The Numbers Don’t Lie: Mistakes in Calorie Tracking

numbers“I am tracking calories, exercising, consistently at a deficit, and I am not losing weight! What am I doing wrong?” 

Does this sound familiar? Have you said this, or heard someone say it? Here’s a picture of what you might be thinking, and then a clue as to what might be the problem.

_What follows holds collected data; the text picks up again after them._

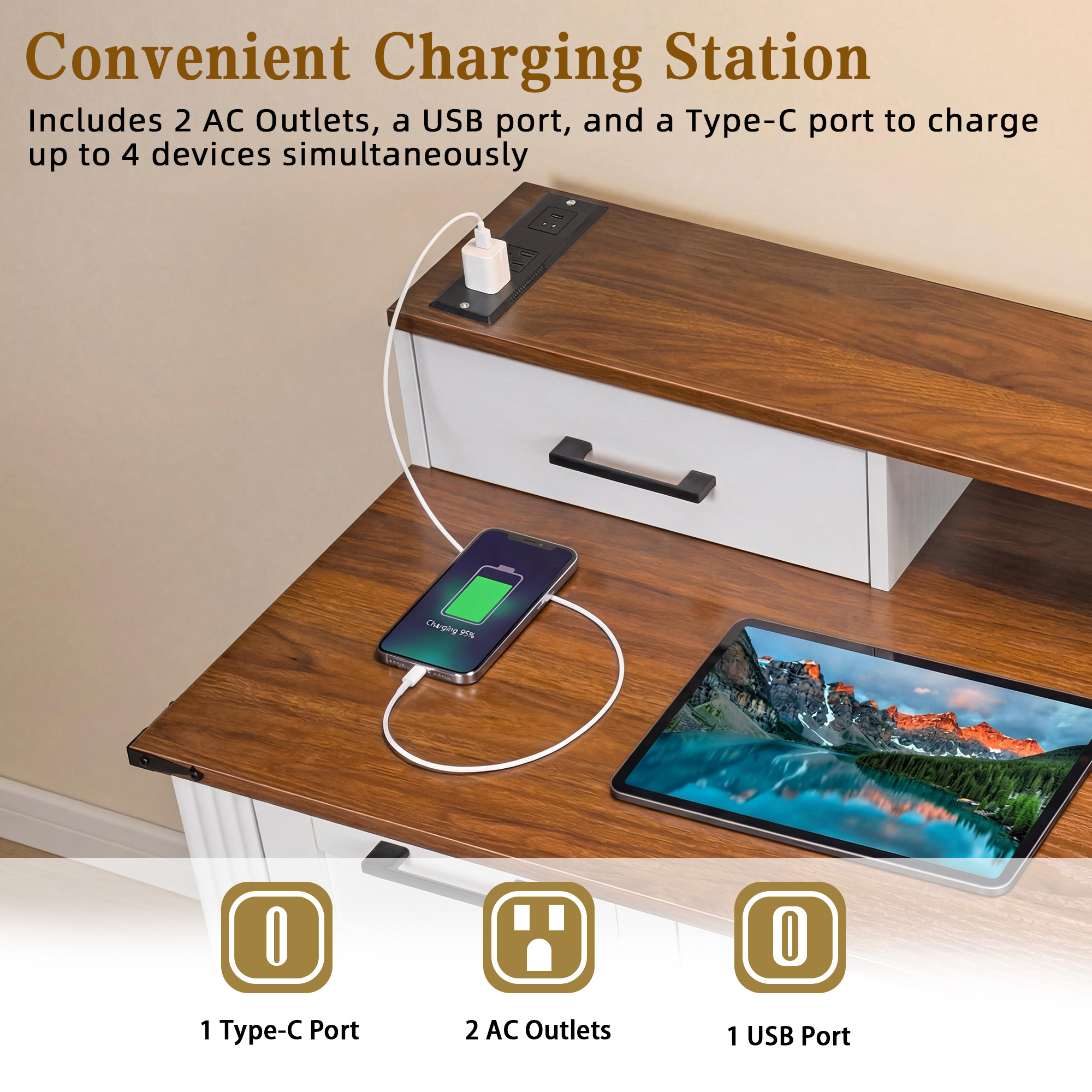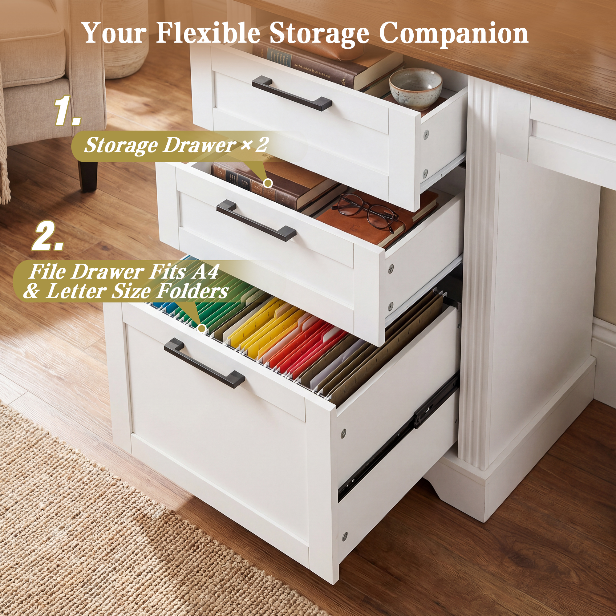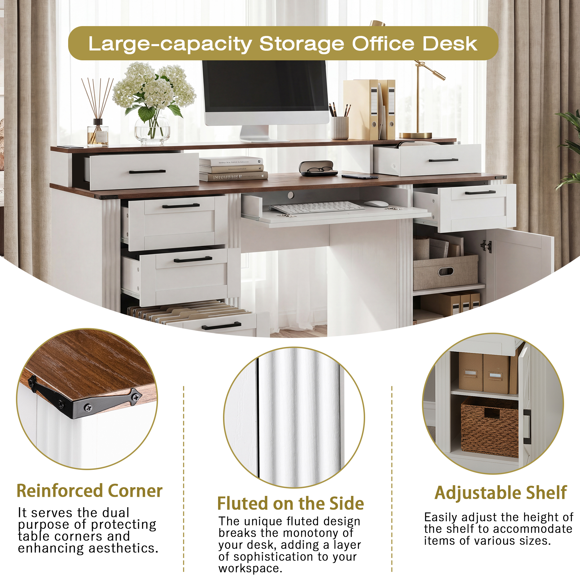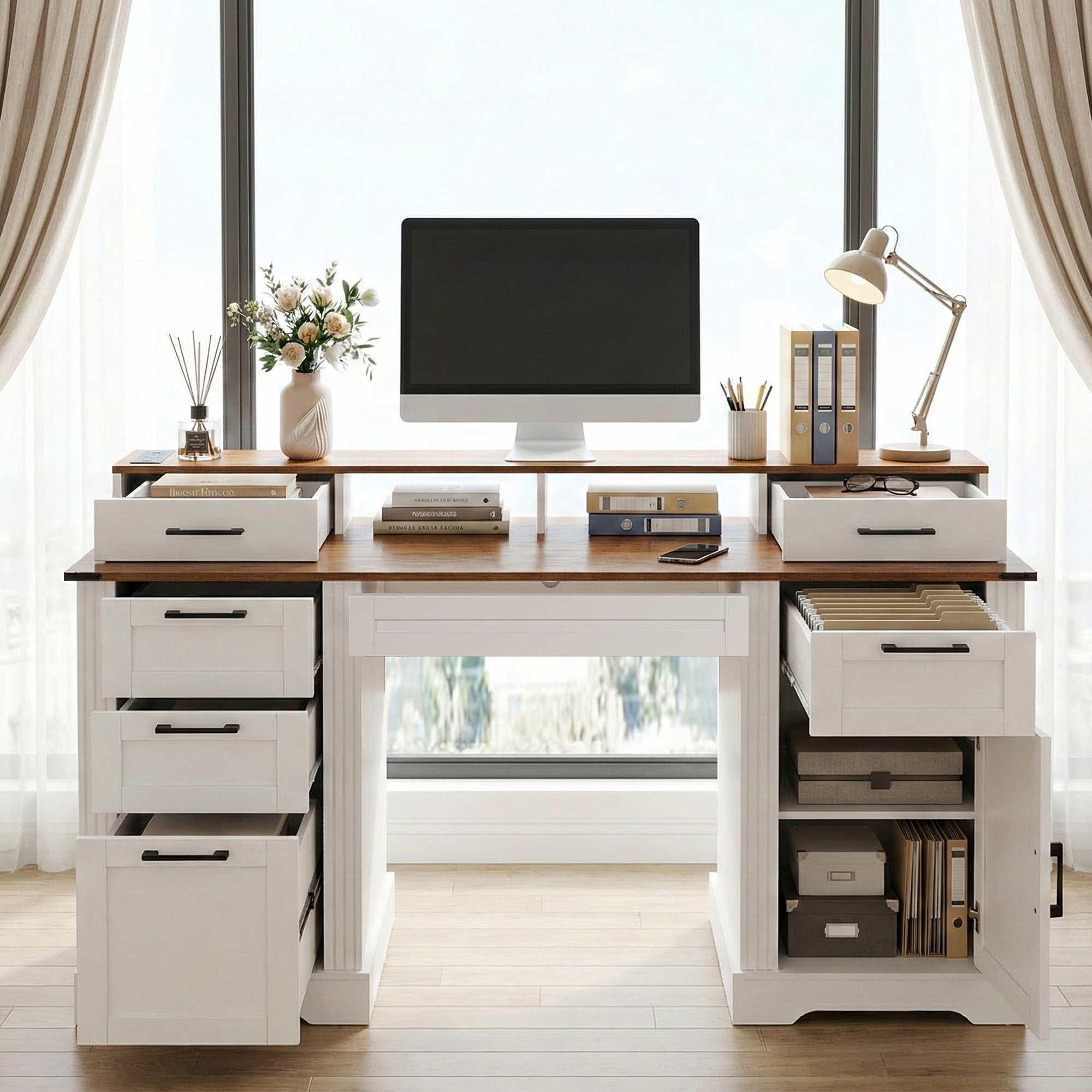 Product Name:59" Farmhouse Office Desk With Charging Station & Storage Cabinet, Barn Door Design Home Office Study Desk with File Drawer, Monitor Stand and Keyboard Tray for Office, Study, Living Room, White
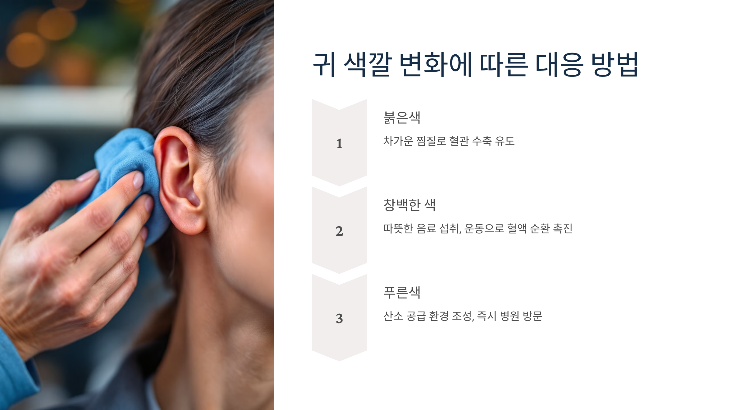 | 붉은색 | 차가운 찜질 | 열감이 심할 경우 귀를 차갑게 해주어 혈관 수축 유도 |
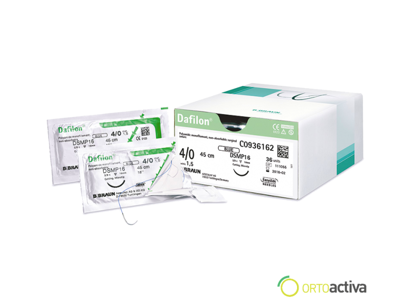 DAFILON BLUE 4/0 DS-19 90 cm. es un material médico utilizado en procedimientos quirúrgicos. Está compuesto por un hilo de sutura de poliamida, que es un material biocompatible y absorbible, lo que significa que se descompone en el cuerpo con el tiempo. Este producto es de alta calidad y cumple con los estándares de seguridad y eficacia requeridos en el campo de la medicina.
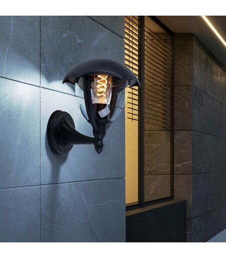 V-TAC Applique murale d'extérieur lanterne noire lampe de porte d'entrée applique extérieure verre clair, aluminium, 1x E27, LxH 20x23,8 cm
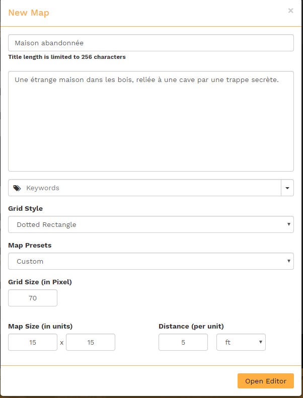 Bref, ouvrons notre campagne. Dans la partie Campaign maps, on recherche notre carte, et on clique sur le stylo, ce qui ouvre une interface d'édition légèrement différente :
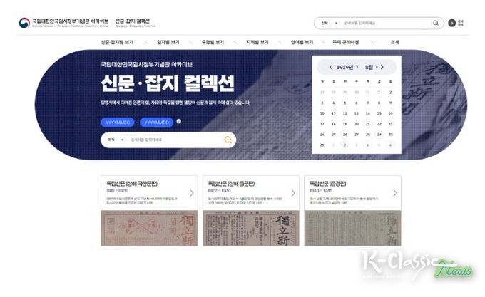 K-Classic News 기자 | 국가보훈부는 임시정부와 관련한 신문과 잡지의 기사를 통해 임시정부의 활동상을 쉽게 확인할 수 있는 웹콘텐츠 ‘임시정부 신문‧잡지 컬렉션’을 임시정부수립 기념일인 11일 공개한다고 밝혔다.
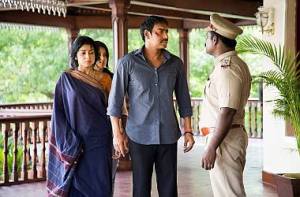 Główny wątek wyłania się z tej historii dopiero po trzech kwadransach. Skupia się na nieporadnych na pierwszy rzut oka próbach ukrycia, że doszło do zabójstwa. Vijay topi samochód chłopaka w kamieniołomie, a także szuka dla rodziny alibi. Dopiero z czasem okazuje się, jak bardzo jest sprytny. A wszystko dzięki filmom, których się naoglądał. Ciekawym wątkiem jest policyjna przemoc, która – choć nielegalna – wciąż bywa obecna na indyjskich komisariatach.
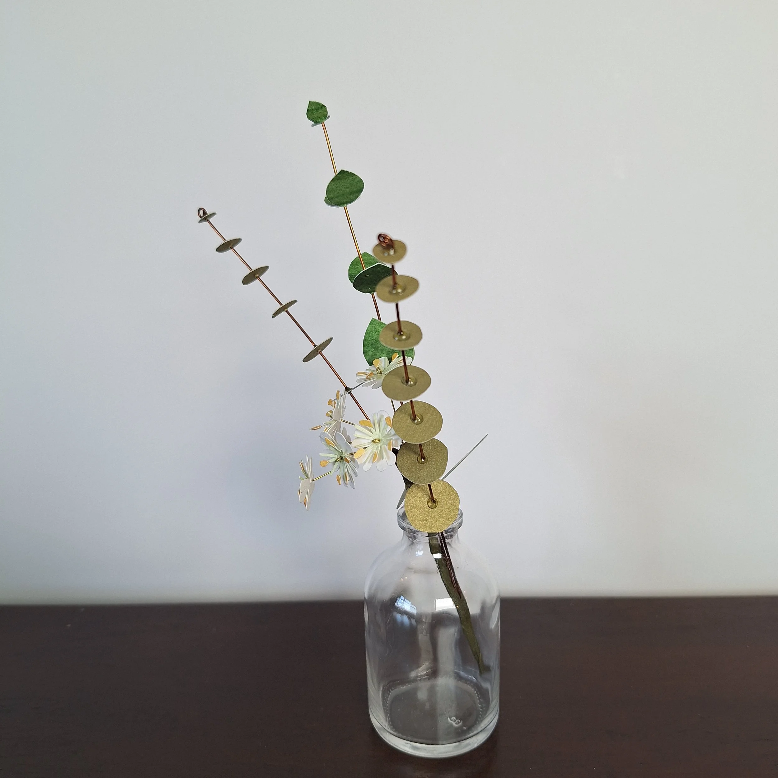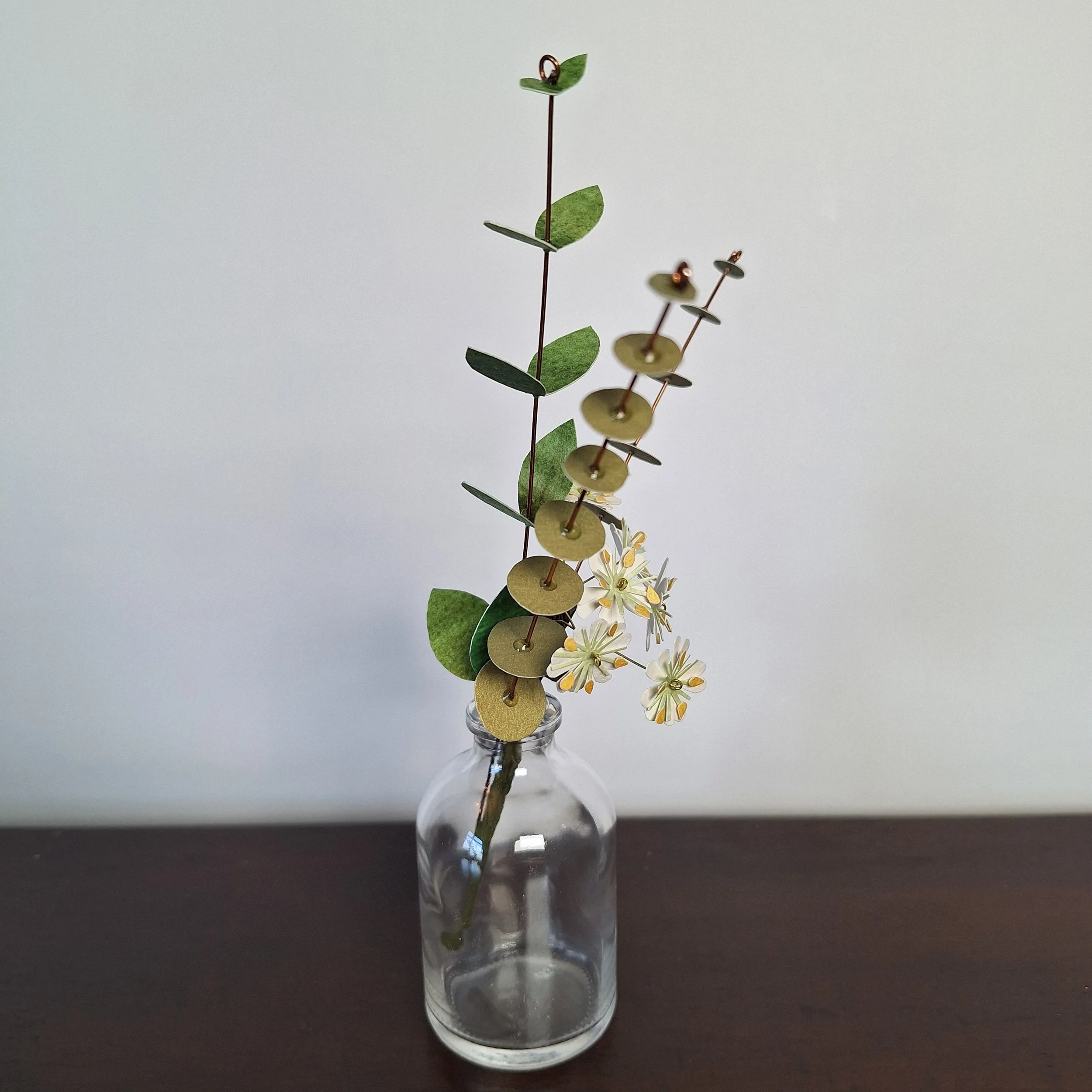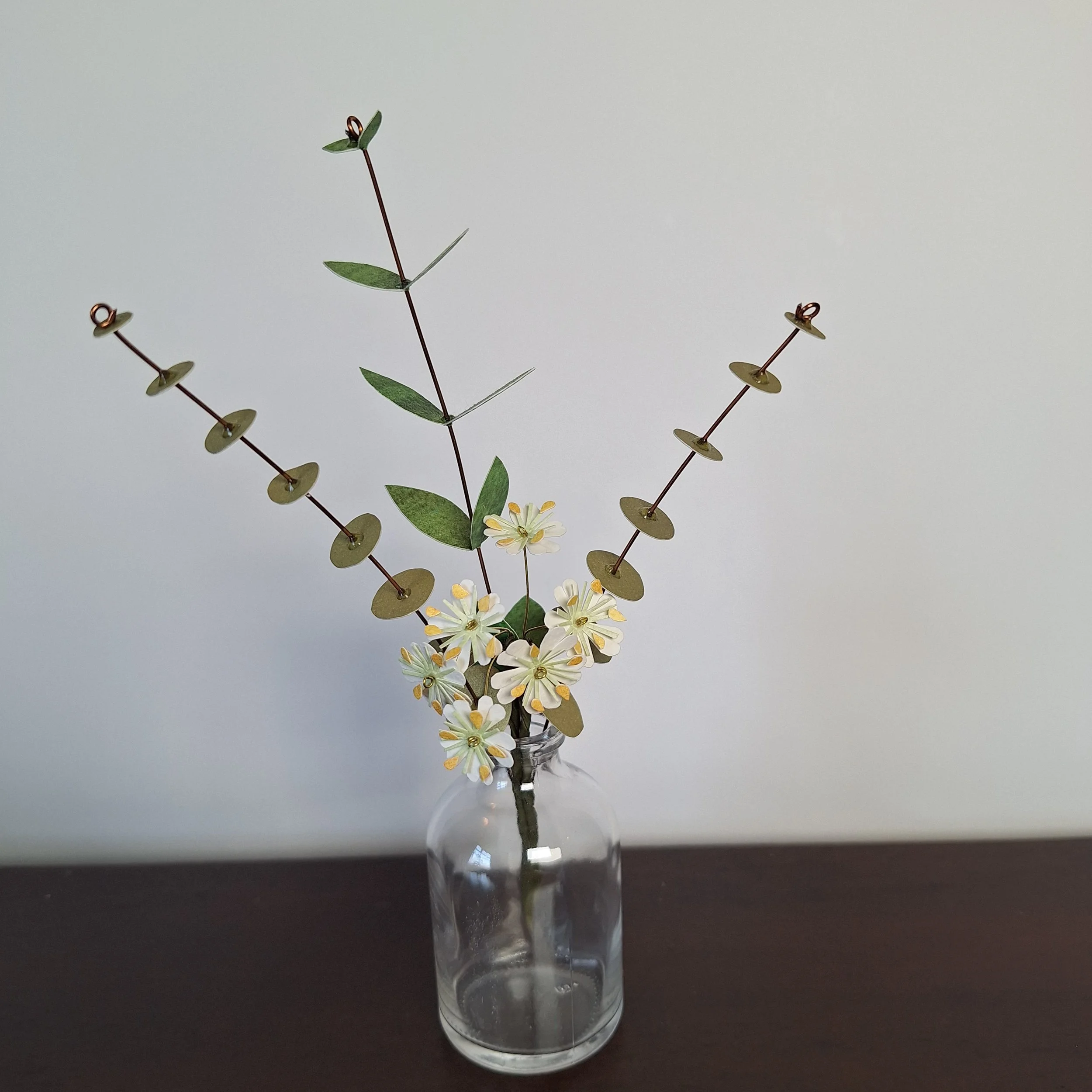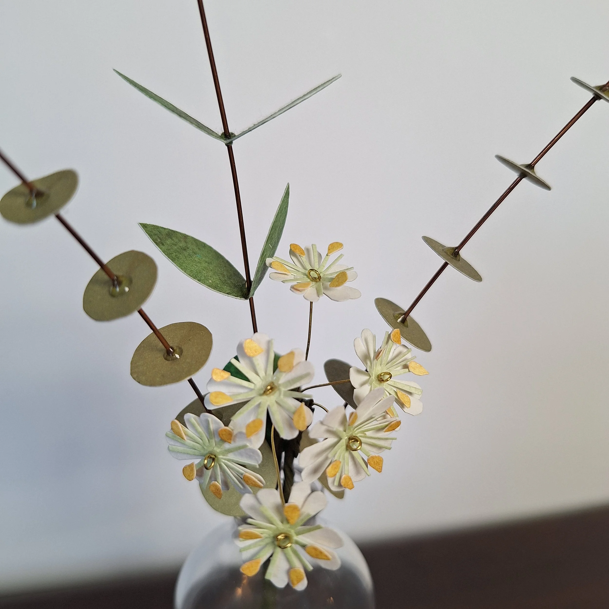 This stitchwort mini bouquet is part of my wildflower collection. A cluster of six stitchwort blooms sit among three leafy stems. The lowers are white, with green filaments and yellow stamens.

1) “I am tracking calories.”

Maybe you are using My Fitness Pal, Livestrong, WebMD, FitDay, some other application, pen and paper, or maybe even through a program like Weight Watchers. You track religiously every calorie, bite, lick, and taste. Most of the time you make great food choices, and even when you enjoy a delicious bowl of ice cream, you log those calories. What is important here, is you are actually eating food, and hopefully have a proper balance of macronutrients (proteins, carbohydrates, and fats).

2) “I am exercising.”

You are committed to regular strength training, cardio, group exercise, or whatever your flavor of working out might be. Maybe you do it because you love it, want to change your body, or maybe you do it so you can burn more calories and eat more food.

3) “I am not losing weight.”

You are consistently doing 1 and 2. You regularly, if not daily, close the day in a calorie deficit, meaning you have expended more calories than your body needs to maintain it’s current weight.  You think you should be losing weight, but you aren’t.

4) “What am I doing wrong?”

If you want to lose 1 to 2 pounds a week, you need to burn 500 to 1,000 calories more than you consume each day, through a lower calorie diet and regular exercise. The reality is, the numbers do not lie. So, the problem is most likely with your numbers, which is likely one of two errors:

Are you really tracking your food calories correctly? Are you accurately measuring your portions?


Are you overestimating how many calories you burn during exercise?

Overestimating Calories Burned

In my observation, this is the biggest error that people make in tracking calories. They overestimate how many calories they burned during exercise, and then eat food as if they burned calories they didn’t. Therefore, whatever deficit you thought you had, you really don’t. Most exercise calorie calculators are inefficient. They don’t take into factor so many important components of YOUR UNIQUE body, and all of the nuances of your exercise effort. Also, you could be overestimating your exertion level. You felt like that was moderate effort walking your dog, but it was really just a stroll.

Here’s a Solution

If you want to be exact, you need to wear a Heart Rate Monitor during your exercise. This is the most accurate way of knowing how many calories YOU burned during YOUR workout.

All I need is another gadget and something I need to remember to charge, so I try to be a technology minimalist at the gym.

If you want to keep it simple, always err on the very low side of estimated calories burned during exercise. The normal treadmill walker is not burning 800 calories in 30 minutes. I guarantee that. Remember the old adage, “If it looks too good to be true, it probably is.” Underestimate calories burned for a while and see if your progress changes.

Good luck, and let me know how it goes!